The above bus connect matrix from the datasheet explains why the ethernet data needs to be in one of the SRAM.

pseudotronics · June 18, 2023, 2:47pm

I can put the ethernet data section in external SDRAM and the application works fine. So if the ethernet data needs to be in SRAM then this shouldn’t work right?

The application has issues when I put the ucHeap in external SDRAM.

htibosch · June 18, 2023, 9:02pm

Hi @pseudotronics , not sure if it helps you, but have a look at my demo project for STM32H747 here.

It puts .ethernet_data in AXI RAM. For the heap, it uses 3 regions:

static uint8_t ucRAM_1 [384 * 1024] __attribute__( ( section( ".ethernet_data" ) ) );
static uint8_t ucRAM_2 [128 * 1024] __attribute__( ( section( ".ram2_data" ) ) );
static uint8_t ucRAM_3 [ 32 * 1024] __attribute__( ( section( ".ram3_data" ) ) );

In this example, the heap uses part of the AXI RAM, and also uses RAM2 and RAM3 (using heap_5.c of course). The linker will make sure that it all fits nicely.

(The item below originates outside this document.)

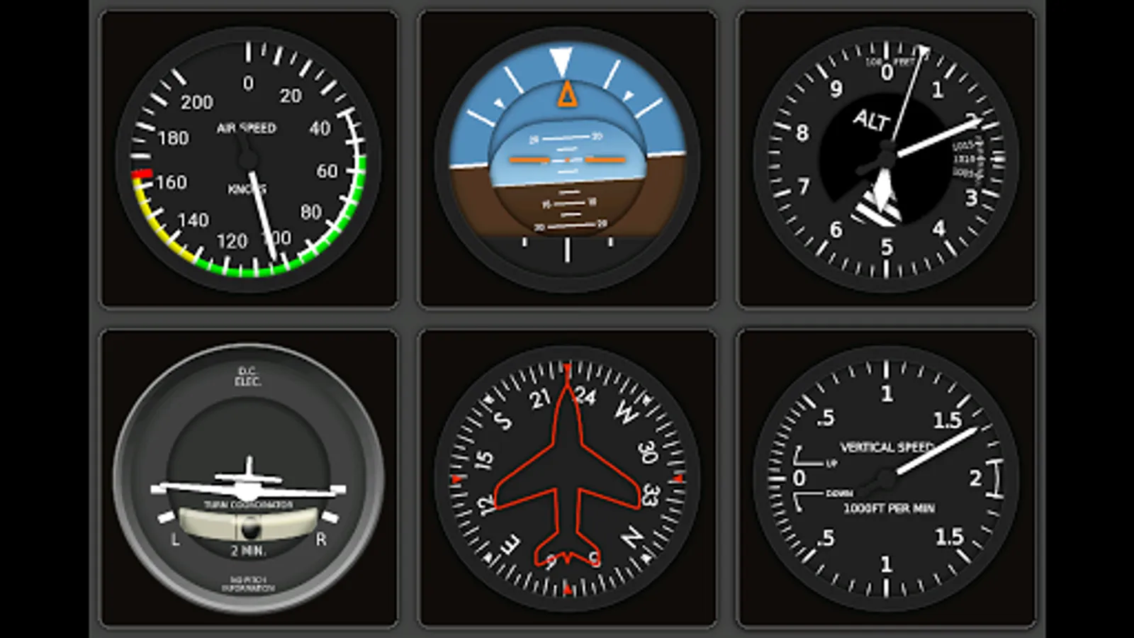 Airspeed, artificial horizon, altimeter, turn coordinator, gyro compass, and variometer.
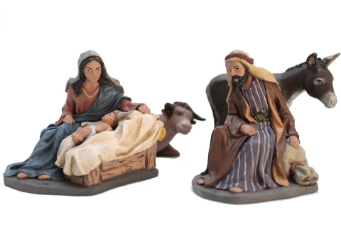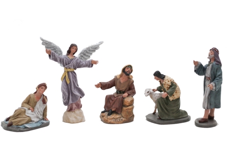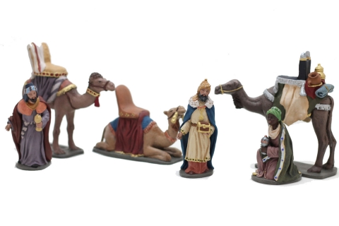 Group Kings Worshiping with camels 6 pieces. Model 9010 in 9 cm. Design by Angeles Camara made of ceramic paste and decorated with acrylic paint.

It took me also a long time before I had a satisfying configuration of memories. The memory layout of STM32Hx is a bit complicated.

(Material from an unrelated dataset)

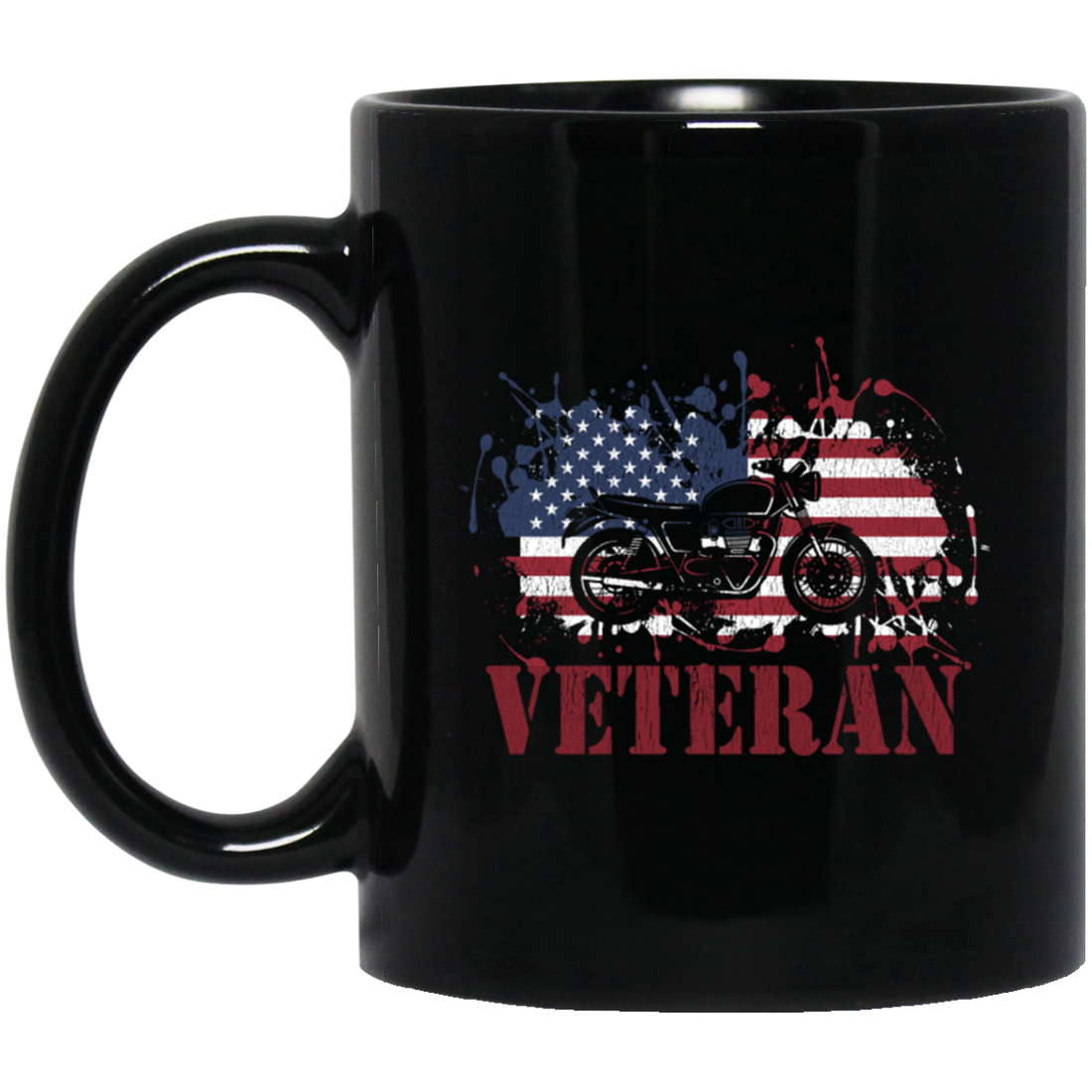 Motorcycle Veteran, Military Biker, American Flag, American Veteran Black Mug

pseudotronics · June 18, 2023, 9:21pm

It sure is complicated. I don’t have any issues with the internal memories right now though.

pseudotronics · June 19, 2023, 2:50pm

Another update:

I can step through the IP stack and see that packet reception is working fine.

I have been stepping through the IP stack and I think I found something that is relevant.

xARPCache doesn’t seem to be holding any values when I put the heap in SDRAM.

I was going to share pictures of the wireshark captures but apparently i’m not allowed to do that.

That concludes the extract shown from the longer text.